TRKA appears to play an important role in the biology of thymoma. In fact, the expression of neurotrophin (neurotrophin) receptors was unequivocally documented in a considerable series of patients (99 patients) thymic epithelial tumors (Kim DJ, Yang WI, Kim SH, Park IK, Chung KY. expression of neurotrophin receptors in therapeutically expressed thymic epithelial tumors, Eur. J. cardio. Surg., 2005; 28 (4): 611-6). In this study, the pattern of TRKA expression was analyzed according to the WHO classification for histological subtypes of thymoma. It was found that all tumor types (i.e. a, AB, B1, B2, B3, C) showed (by immunostaining) the presence of TRKA and the tumor rate indicating a strong immunoreactivity that was progressively increased from type a to type C. In contrast, any type of thymoma showed immunoreactivity with either TRKB or TRKC, suggesting that TRKA plays a specific role in this disease (yet to be further elucidated in any event).

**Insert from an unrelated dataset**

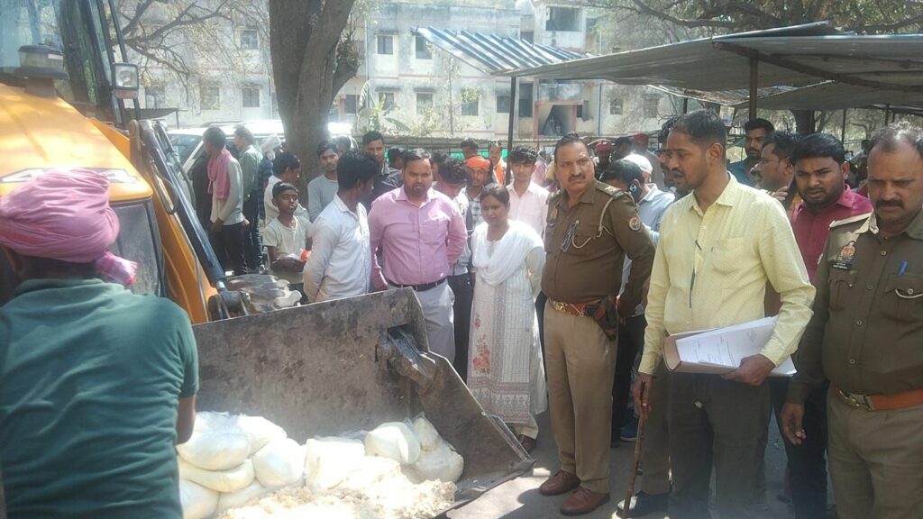 चुनार खोवा मंडी में खाद्य विभाग की छापेमारी मंडी में मचा हड़कमप

In addition to the aforementioned WHO histological classification of thymomas, the Masaoka staging system (Masaoka staging system) is often employed to assess infiltration and as a basis for therapeutic selection, since the optimal treatment of this disease depends on its clinical stage (NCI PDQ [ Physician Data Query ]]Finally revised at 05/08/2008). Surgery (with or without radiation therapy) is the primary method of early thymus tumor treatment because in most cases the disease is localized. Radiotherapy and chemotherapy are widely used as adjuvant and palliative approaches in general (Kondo k. optimal therapy for thymoma. j. med. invest., 2008; 55 (1-2): 17-28). Advanced invasive thymomas (such as large vessel infiltration, pleural and/or pericardial spread, lymph node involvement, or distant metastatic tumors) are often not controlled by surgical resection or radiation therapy alone (Yokoi K, Matsuguma H, Nakahara R, Kondo T, Kamiyama Y, Mori K, et al. Locally advanced or metastatic thymomas are commonly treated with a combination of therapies including radiation therapy and chemotherapy. Thymomas are generally chemically sensitive tumors. Chemotherapy actually shows significant antitumor activity against unresectable, recurrent or metastatic thymomas, producing an overall objective response in an average of two-thirds of patients (over objective responses) and complete remissions in one-third of patients (complete remissions). Combination chemotherapy based on cisplatin/doxorubicin [ PAC regimen (cisplatin, doxorubicin, cyclophosphamide) or ADOC regimen (doxorubicin, cisplatin, vincristine, cyclophosphamide)]It appears that the best overall response rate and survival rate are produced. Other combinations of cisplatin, etoposide, ifosfamide, epirubicin, maytansine and steroids are also usedAnd/or single agent chemotherapy (Kondo k, 2008, see above). In any event, optimal treatment strategies have not been determined and other drugs are needed to improve outcomes in patients with advanced invasive tumors (Yokoi K, 2007).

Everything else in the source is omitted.